Wednesday, February 11, 2015

It's Like Nothing Has Changed, Only Everything

I lost my dad Tuesday, January 20th.

I've noticed that I tend to follow this up with a disclaimer, that this is not necessarily as personally devastating a loss as it is for some people.  I'm the youngest of a litter of 6, so by the time I came around my parents were a little worn out by the whole parenting thing.  And by the time I turned 5 the older kids were starting to hit their teen years, not to mention the fact that it was the 70's, man, and parental attention was, of necessity, generally being pulled elsewhere. 

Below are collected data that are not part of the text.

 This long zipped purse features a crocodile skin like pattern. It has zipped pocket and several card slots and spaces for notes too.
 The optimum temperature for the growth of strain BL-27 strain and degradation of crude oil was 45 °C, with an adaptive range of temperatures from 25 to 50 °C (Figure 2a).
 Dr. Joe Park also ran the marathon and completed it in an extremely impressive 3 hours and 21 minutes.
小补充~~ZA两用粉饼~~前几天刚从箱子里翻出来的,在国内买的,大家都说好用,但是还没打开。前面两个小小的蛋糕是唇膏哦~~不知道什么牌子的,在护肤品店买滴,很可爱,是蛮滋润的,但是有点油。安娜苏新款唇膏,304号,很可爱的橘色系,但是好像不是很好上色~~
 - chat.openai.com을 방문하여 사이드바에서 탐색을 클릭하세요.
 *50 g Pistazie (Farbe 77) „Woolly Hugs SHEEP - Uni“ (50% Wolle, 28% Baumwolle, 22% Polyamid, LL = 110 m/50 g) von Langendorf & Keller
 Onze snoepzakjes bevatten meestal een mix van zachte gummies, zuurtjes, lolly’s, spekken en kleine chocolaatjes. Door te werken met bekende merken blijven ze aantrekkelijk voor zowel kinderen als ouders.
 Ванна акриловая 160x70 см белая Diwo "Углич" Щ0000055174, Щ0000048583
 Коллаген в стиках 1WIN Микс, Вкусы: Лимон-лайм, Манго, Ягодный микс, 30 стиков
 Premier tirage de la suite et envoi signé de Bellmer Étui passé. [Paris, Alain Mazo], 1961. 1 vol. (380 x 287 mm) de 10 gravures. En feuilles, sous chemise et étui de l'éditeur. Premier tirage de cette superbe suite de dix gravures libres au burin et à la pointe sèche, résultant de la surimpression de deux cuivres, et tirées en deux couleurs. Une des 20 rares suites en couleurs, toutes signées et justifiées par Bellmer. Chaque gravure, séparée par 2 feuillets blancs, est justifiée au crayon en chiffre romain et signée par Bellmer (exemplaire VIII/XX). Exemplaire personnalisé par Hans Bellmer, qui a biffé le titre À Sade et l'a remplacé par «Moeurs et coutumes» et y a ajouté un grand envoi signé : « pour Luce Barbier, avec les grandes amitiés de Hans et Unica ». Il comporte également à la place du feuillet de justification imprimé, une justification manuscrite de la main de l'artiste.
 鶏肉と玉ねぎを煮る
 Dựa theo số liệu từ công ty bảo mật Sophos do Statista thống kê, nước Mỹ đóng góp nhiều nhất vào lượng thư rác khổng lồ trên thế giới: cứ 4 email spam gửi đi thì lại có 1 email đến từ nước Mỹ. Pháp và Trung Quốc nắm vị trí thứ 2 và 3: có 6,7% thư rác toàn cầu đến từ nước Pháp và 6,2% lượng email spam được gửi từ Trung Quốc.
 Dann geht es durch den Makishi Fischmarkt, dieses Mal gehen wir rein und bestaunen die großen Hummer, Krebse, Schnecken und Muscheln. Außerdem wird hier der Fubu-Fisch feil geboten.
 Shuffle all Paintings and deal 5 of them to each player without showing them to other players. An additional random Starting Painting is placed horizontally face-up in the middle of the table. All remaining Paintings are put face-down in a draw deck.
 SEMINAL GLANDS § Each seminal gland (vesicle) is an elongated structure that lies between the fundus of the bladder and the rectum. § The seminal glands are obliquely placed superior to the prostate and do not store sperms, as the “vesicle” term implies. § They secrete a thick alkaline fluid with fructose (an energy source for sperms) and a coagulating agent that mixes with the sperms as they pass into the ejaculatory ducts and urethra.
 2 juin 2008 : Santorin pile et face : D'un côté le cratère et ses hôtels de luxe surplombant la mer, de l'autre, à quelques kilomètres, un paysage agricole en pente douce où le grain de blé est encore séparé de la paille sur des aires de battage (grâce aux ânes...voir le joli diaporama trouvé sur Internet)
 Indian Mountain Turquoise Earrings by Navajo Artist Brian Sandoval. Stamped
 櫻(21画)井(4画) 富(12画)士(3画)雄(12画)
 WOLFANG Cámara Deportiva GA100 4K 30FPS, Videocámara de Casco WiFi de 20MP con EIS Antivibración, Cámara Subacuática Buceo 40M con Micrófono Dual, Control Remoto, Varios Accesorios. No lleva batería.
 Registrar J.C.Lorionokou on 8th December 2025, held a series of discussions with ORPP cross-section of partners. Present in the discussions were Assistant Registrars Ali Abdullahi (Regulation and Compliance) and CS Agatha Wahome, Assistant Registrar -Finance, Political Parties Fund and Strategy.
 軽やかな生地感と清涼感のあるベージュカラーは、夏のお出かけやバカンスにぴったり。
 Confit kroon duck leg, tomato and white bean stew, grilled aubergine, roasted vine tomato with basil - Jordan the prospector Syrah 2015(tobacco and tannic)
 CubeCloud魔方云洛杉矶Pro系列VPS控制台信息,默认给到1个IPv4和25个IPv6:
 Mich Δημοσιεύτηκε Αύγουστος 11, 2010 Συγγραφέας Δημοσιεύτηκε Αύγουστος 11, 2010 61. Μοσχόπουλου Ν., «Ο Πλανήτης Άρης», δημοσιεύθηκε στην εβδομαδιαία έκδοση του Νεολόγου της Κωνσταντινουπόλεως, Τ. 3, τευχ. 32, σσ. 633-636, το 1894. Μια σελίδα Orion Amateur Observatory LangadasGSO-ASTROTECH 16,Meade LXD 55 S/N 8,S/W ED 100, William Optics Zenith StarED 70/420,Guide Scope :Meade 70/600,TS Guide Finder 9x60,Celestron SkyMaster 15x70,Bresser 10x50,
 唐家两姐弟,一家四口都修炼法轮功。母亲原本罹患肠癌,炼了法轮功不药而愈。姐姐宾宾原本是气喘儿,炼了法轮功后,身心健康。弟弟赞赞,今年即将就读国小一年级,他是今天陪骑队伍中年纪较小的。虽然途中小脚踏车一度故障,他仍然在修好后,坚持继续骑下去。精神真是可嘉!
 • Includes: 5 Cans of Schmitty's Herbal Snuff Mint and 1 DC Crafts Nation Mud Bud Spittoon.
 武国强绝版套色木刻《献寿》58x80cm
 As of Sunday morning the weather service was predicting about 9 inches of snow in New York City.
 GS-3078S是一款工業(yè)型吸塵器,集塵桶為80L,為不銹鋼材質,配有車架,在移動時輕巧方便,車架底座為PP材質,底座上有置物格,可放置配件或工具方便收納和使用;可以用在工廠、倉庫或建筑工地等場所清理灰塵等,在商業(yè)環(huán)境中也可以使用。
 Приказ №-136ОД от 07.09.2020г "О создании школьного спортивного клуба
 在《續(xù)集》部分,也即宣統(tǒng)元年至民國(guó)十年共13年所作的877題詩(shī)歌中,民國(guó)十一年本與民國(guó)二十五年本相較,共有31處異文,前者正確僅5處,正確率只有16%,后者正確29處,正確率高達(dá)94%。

This is all said without rancor.  I wouldn't call my relationship with my dad close, but it wasn't hostile, and he was definitely paterfamilias (which was transmuted into our family nickname for dad - Podder), an influential force even if not directly involved.  In fact, temperamentally I think I turned out very much like him.

I really didn't know how I was going to react when the moment came.  He and I didn't really talk much.  Over the years Dad's natural personal reticence (he never really liked talking on the phone, for example) morphed into an insidious type of dementia that stole his emotions and behavior more than his memory, and reduced our communication even more.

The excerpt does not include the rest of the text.